The first meeting was at the Snooty Fox restaurant in North Adelaide, and 40 cousins, uncles and aunts, all descendants of George Henry, attended. Under Ray’s leadership, they met four times a year.

But the Michell family councils turned out to be one of those ideas that seemed like a good one at the time, designed to bind the family together, but ended up doing the opposite. It just brought to the surface all of their differences and, by 1995, 45 per cent of them wanted out.

And so a mediator was hired, two rooms were rented in an Adelaide hotel and, with the mediator shuttling between the rooms, took four hours to negotiate the split.

It was a fairly simple deal: John and Ray, plus a second cousin named Richard, agreed to raise $80 million by selling 250,000 acres of farmland and buy the others out.

But even after the split and the compression of the ownership down to three family groups, the shareholder register still grew to be 38 cousins in less than a decade. Once again it was time for another split. This time it was John’s two sons, David and Peter, who pushed the buyout.

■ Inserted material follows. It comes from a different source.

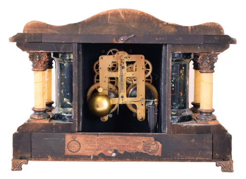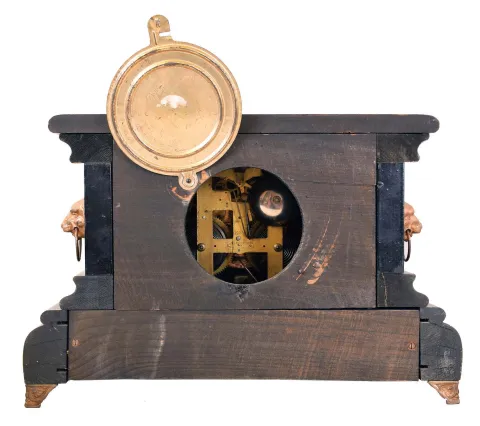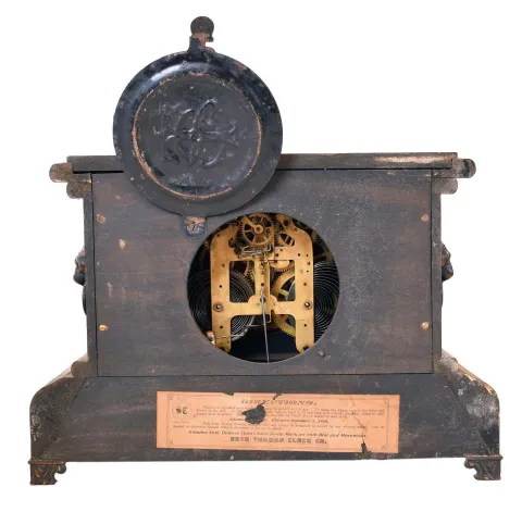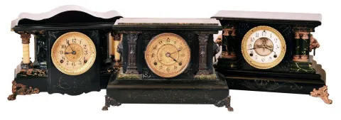 Clocks- 3 (Three): (1) William L. Gilbert Clock Co., Winsted, Conn., "Blackbird", 8 day, time and strike spring brass movement enameled wood case mantel clock with visible escapement. (2) Seth Thomas Clock Co., Thomaston, Conn., 8 day, time and strike spring brass movement "Adamantine? mantel clock. (3) Seth Thomas Clock Co., Thomaston, Conn., 8 day, time and strike spring brass movement enameled case mantel clock. (1) Enameled wood case is very clean with a couple dings on the top front edge. Paper dial has minor stains and is otherwise very clean and maybe original. Original hands. Ht 11" (2) Adamantine case is very clean with some damage at the top left corner and a small chip to the right corner. Original paper dial is stained. Original hands. This model is similar to the Shasta with a different style top. Ht 12" (3) Enameled wood case in as found condition with stains from storage in damp environment Original embossed metal dial is tarnished. Original hands.

At that stage the business consisted of the wool scouring business, a leather business that was tanning 35,000 hides a week and 19 acres of office/warehouse complex in Botany, Sydney.

And once again it was the old two rooms and a shuttling mediator. The deal agreed was that the tanning business would be sold for cash and the exiters would get the Botany property. There was no cash equalisation because they agreed that the Botany property was worth the same as the wool business, which is what the brothers wanted.

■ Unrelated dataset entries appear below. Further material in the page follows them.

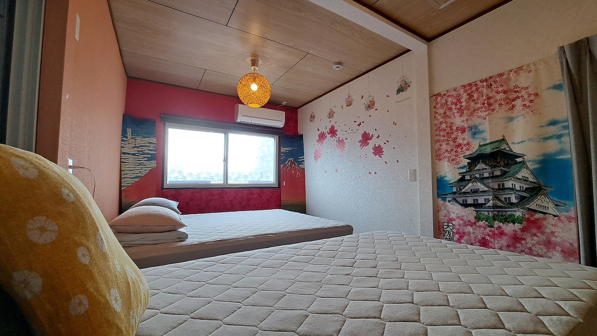 Located next to Tezukayama 4-chome Station . Easy access to Tennoji (15 minutes) and Namba (20 minutes), and a 5-minute walk from Tezukayama Station. Enjoy a relaxing stay. Maximum Occupancy: 4 guests Bedding: Two single beds and two futons Have washing machine with detergent(share) The Sumiyoshi Taisha Shrine and Sakai, known for its cutlery, are easily accessible. No Cooking No elevator Short-term and long-term stays available Special Experience: Enjoy meeting locals at the bar next door.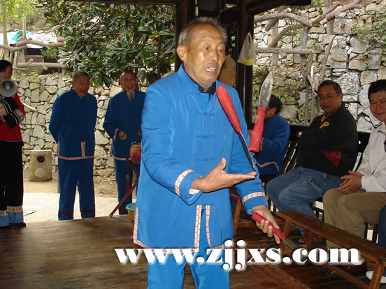 三棒鼓,唐代稱三仗鼓,約于明代傳入本境,并逐漸成為群眾喜聞樂見的民間藝術(shù)形式。每年春節(jié),藝人們結(jié)伴走村串寨拜年,表現(xiàn)對象不分貧富,戶戶必到。如遇貧寒之家,表演者將別家贈(zèng)送的禮品相送,意在人人過節(jié)歡喜。充分體現(xiàn)出土家人熱情好客,心地善良的民族性格。對加強(qiáng)民族間團(tuán)結(jié)有一定的作用。三棒鼓 通常由三至五人組成,一人擊鼓唱詞,一人鑼鼓配樂,一人;ò;ò羧L一尺,舞者左右 各執(zhí)一根,將另一根拋在空中,左右開弓,擊打空中花棒使之不落地。也有以刀代棒,以五刀代三棒的技藝。鋼刀在空中歡跳,銀光閃閃,左右穿梭。技藝高強(qiáng)者,突然把刀拋得及高,來一個(gè)騰空飛腳,轉(zhuǎn)身外擺,繼續(xù)接刀上拋,令人眼花繚亂,不禁稱絕。打三棒鼓,通常有“鬧春耕”、“收割打場”、“慶豐收”、“拜年節(jié)”四套,分“鯉魚跳龍門”、“玉女穿梭”、“板巖漂灘”等項(xiàng)目。打三棒鼓技巧性強(qiáng),表演時(shí)需高度集中,用力適當(dāng),貫通一氣,并與演唱者默契配合。   |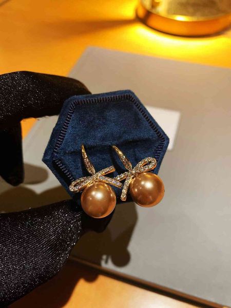 japanese d stud earrings pearl with s925 silver ear nails 41, Golden;silver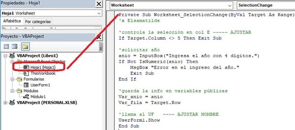 En la hoja tendrás la macro del SelectionChange. En mi ejemplo utilizo la col E .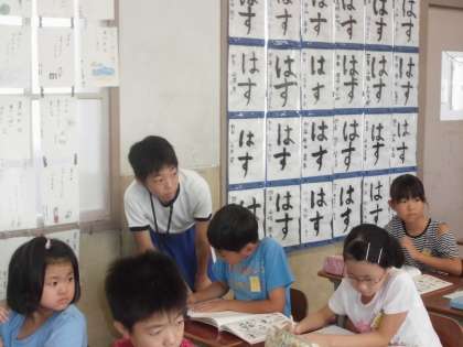 火曜日から,西京極中学校のお兄さんお姉さんがチャレンジ体験で葛野小学校に来ています。4年生にも,バレーといちごが大好きなお兄さんが来てくれて,読み聞かせをしてくれたり,給食を一緒に食べたり,勉強でわからないところを教えてくれたりしました。

Now they’re not sure that was such a good call. With Chinese competitors coming in and cutting prices, wool scouring has gone from being tough (2001 was the worst year ever, at that point) to even tougher.

In 2006 David and Peter built a factory in Suzhou in China on the grounds that if you can’t beat them, join them. That has gone passably well.

But a decade after the buyout of their 38 cousins, David and Peter find themselves asset- and revenue-rich, but cash-flow poor. It’s the sort of predicament in which members of the British aristocracy tend to find themselves, and perhaps that’s a bit appropriate since the Michell’s are part of the aristocracy of Adelaide.

David and Peter have five children between them. David’s two elders daughters, Nicola, 25, and Emma, 23, work in the business (for salaries) and there are still "mini family councils" held every few months involving all the children. Peter’s two are still in primary school.

Like a lot of scions in great old family businesses like the Michell Group, David and Peter are profoundly affected by the weight of their heritage.

It’s why they bought out their cousins and why they built a factory in China. In fact, it’s fair to say the sense of George Henry and their other ancestors peering over their shoulders defines every day of their management of Michell Wool. Will the business pass to a sixth generation? Hard to say. Who knows?

Perhaps a better question is whether the business will ever again produce a return on equity that would make it worth inheriting.